A number of high-performance computing vendors, such as Cray [26] , SGI [33] and SRC [34] , have offered their architectures to integrate microprocessors and reconfigurable fabrics for the highend server market. XtremeData [35] and Altera [25] have also provided FPGA coprocessor solutions for AMD Opteron-based systems. These evolving hybrid systems have presented a "plug and play" architecture solution to developers for adding processing power without modifying their infrastructure. Moreover, high bandwidth connections, such as the HyperTransport bus from AMD and Front Side Bus from Intel, have significantly reduced the communication time between core processors and FPGAs, which was a major bottleneck in traditional reconfigurable computing systems. On the software side, high-level synthesis tools, such as AutoPilot [24] , Catapult C [27] , and Impulse C [28] have made programming reconfigurable devices much easier. Developers can still work on the high-level C or C-like languages, and synthesis tools can automatically compile the code down to hardware implementations. A number of recent research efforts [6] [18] have successfully applied highlevel synthesis tools for applications in the high-performance computing domain. The advances in software support, as well as architectures, promote adoption of the FPGA-based acceleration.
A crucial step to achieving high performance in this hybrid system is to effectively explore the huge design space, which includes accelerator synthesis, resource allocation and job scheduling. Over the last two decades, there have been tremendous efforts that involved solving problems related to reconfigurable computing. A comprehensive survey of reconfigurable computing can be found in [4] [13] and other papers. However, little attention has been paid to the synthesis and job scheduling problem for multicore RHPC systems. Under the new scenario, the heterogeneous multiprocessor systems are used to perform a number of diverse computation-intensive applications, such as financial analytics, physical simulation and data mining. Most of these are routinely executed as batch jobs on multiprocessor or multicore systems. How to use reconfigurable resources effectively for the jobs and schedule them on processors is a key to maximizing the system performance and lowering costs; this has motivated us to investigate the problem. In our work, we especially focus on the system performance optimization problem.
The contributions in this work are a systematic synthesis flow and novel algorithms for system performance optimization under an area constraint for multicore RHPC systems. Specifically, in the global optimization stage we propose a 2-approximation algorithm to assign jobs to processors which guarantees to generate a solution with objective function value of at most two times the optimum. In the following local optimization step, we propose a dynamic programming algorithm to finally select the coprocessor configurations to maximize system performance. We prove that the problem can be optimally solved. We also discuss the techniques used to achieve design tradeoffs for coprocessor implementations. We demonstrate that the tradeoffs can be conveniently obtained with the help of high-level synthesis tools.
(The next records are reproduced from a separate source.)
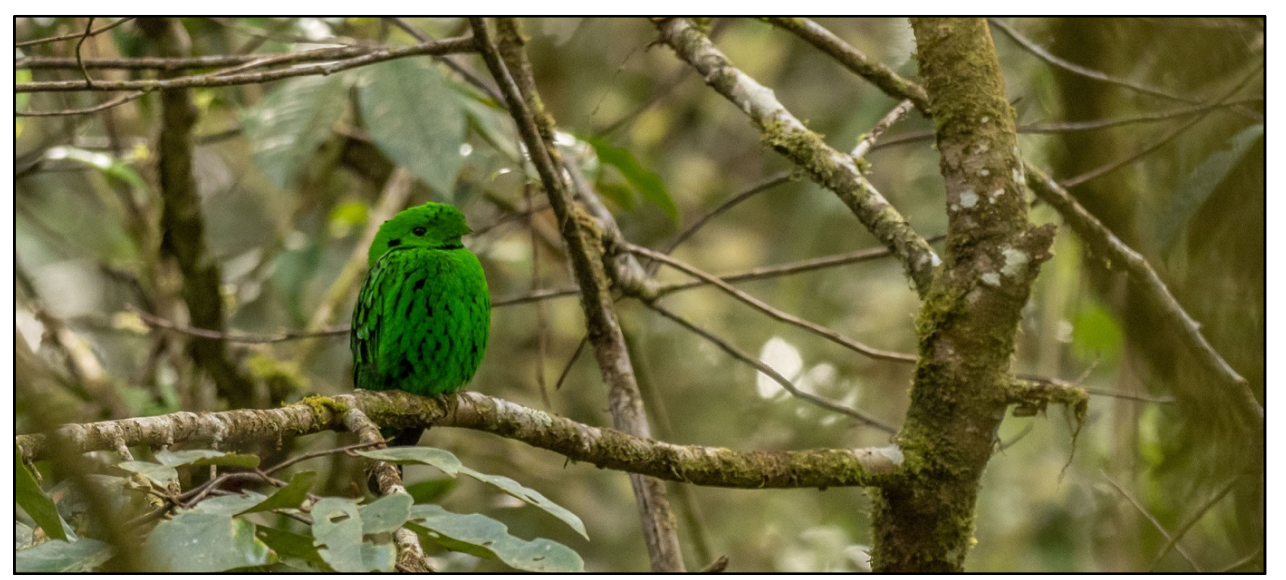
We had 30-minute walkaway views of the superb Whitehead's Broadbill

Our group flew in to Kota Kinabalu, where our journey began. During the first part of the tour we focused on the endemic-rich Kinabalu mountain, which we birded from the conveniently located Hill Lodge right at the park entrance. After birding the cool mountains, we headed with pleasure for the tropical Sabah lowlands, with Sepilok as our first stop followed by the Kinabatangan River and Danum Valley Rainforest. The Kinabatangan River is a peat swamp forest holding some very special fauna and flora. Tall dipterocarps dominate the forests of Sepilok and Danum; we did very well in finding the best birds on offer in all places visited.
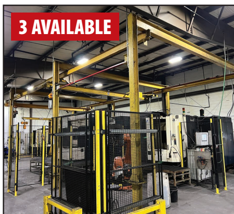
FREE STANDING BRIDGE CRANE SYSTEMS
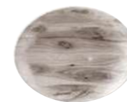
SEPIA WOOD OVAL COUPE PLATE WSE OP121 31.7 x 25.5cm 12 1/2" x 10" CTN QTY 6
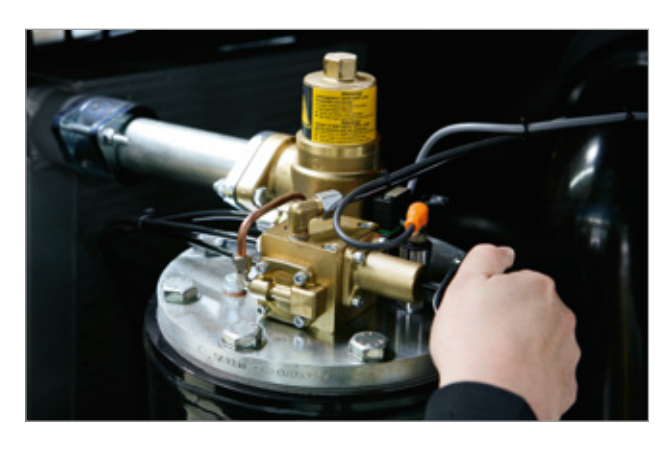
M 122: Proportional controller with manual wheel

On 10 to 14 bar versions, a manual wheel control fitted to the proportional controller enables infinite pressure adjustment for enhanced flexibility.
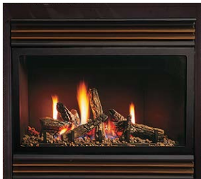
Unit illustrated is a ZDV3622N Zero Clearance Direct Vent Fireplace – Natural Gas, with LOGC50 Log Set, Z36GBP Grill Kit – Classic Polish Brass.
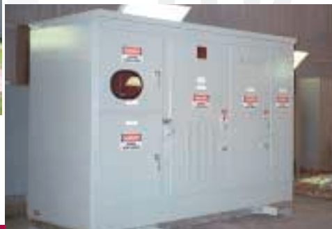
5-35 KV Metal Enclosed
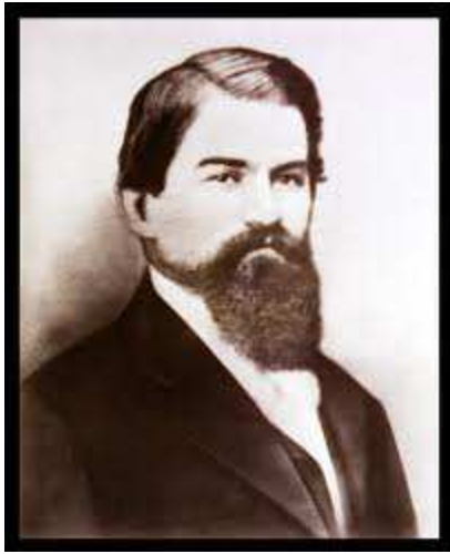
John Stith Pemberton
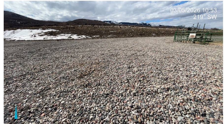
Photo 2: Photos showing an overview of the location looking northeast and southwest, respectively.
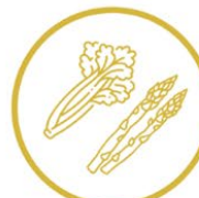
Celery, asparagus & other fibrous plants
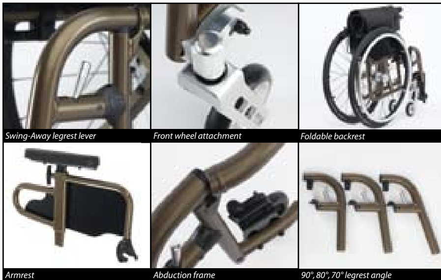
Swing-Away legrest lever

The remainder of the paper is organized as follows. We first present our problem formulation in Section 2. The synthesis flow and algorithmic details for solving the performance optimization problem under area constraint are described in Section 3, followed by experimental results in Section 4. Finally, conclusion remarks are presented in Section 5.
PROBLEM FORMULATION
In this work we are targeting the reconfigurable high-performance computing systems which consist of multicore processors and FPGA fabrics that are connected either by high-bandwidth connections such as AMD's HyperTransport or Intel's Front Side Bus (as shown in Figure 1 ). The cores in the multicore processor can be either heterogeneous or homogeneous. The reconfigurable resources are shared among all the cores and can be used to implement coprocessors for the most computation-intensive kernels. Applications can access the coprocessors through welldefined APIs managed at the OS layer. The APIs define the protocol between CPUs and FPGA coprocessors, and transfer data and control information to/from the coprocessors. Applications need to transfer data to the local memory resident in the FPGAs before coprocessors start to execute. Calculated results will be fetched from the out-buffer of the coprocessors to the microprocessors' memory. The programs running on the system are a set of independent computationally demanding jobs. For example, stock option pricing calculation, pattern analysis, spectral analysis, and similarity detection are routinely executed jobs on servers in a finance institute. In our work, we assume that every job is to be processed by exactly one processor. Job j takes p ij time units when processed by processor i, which can be obtained by profiling tools.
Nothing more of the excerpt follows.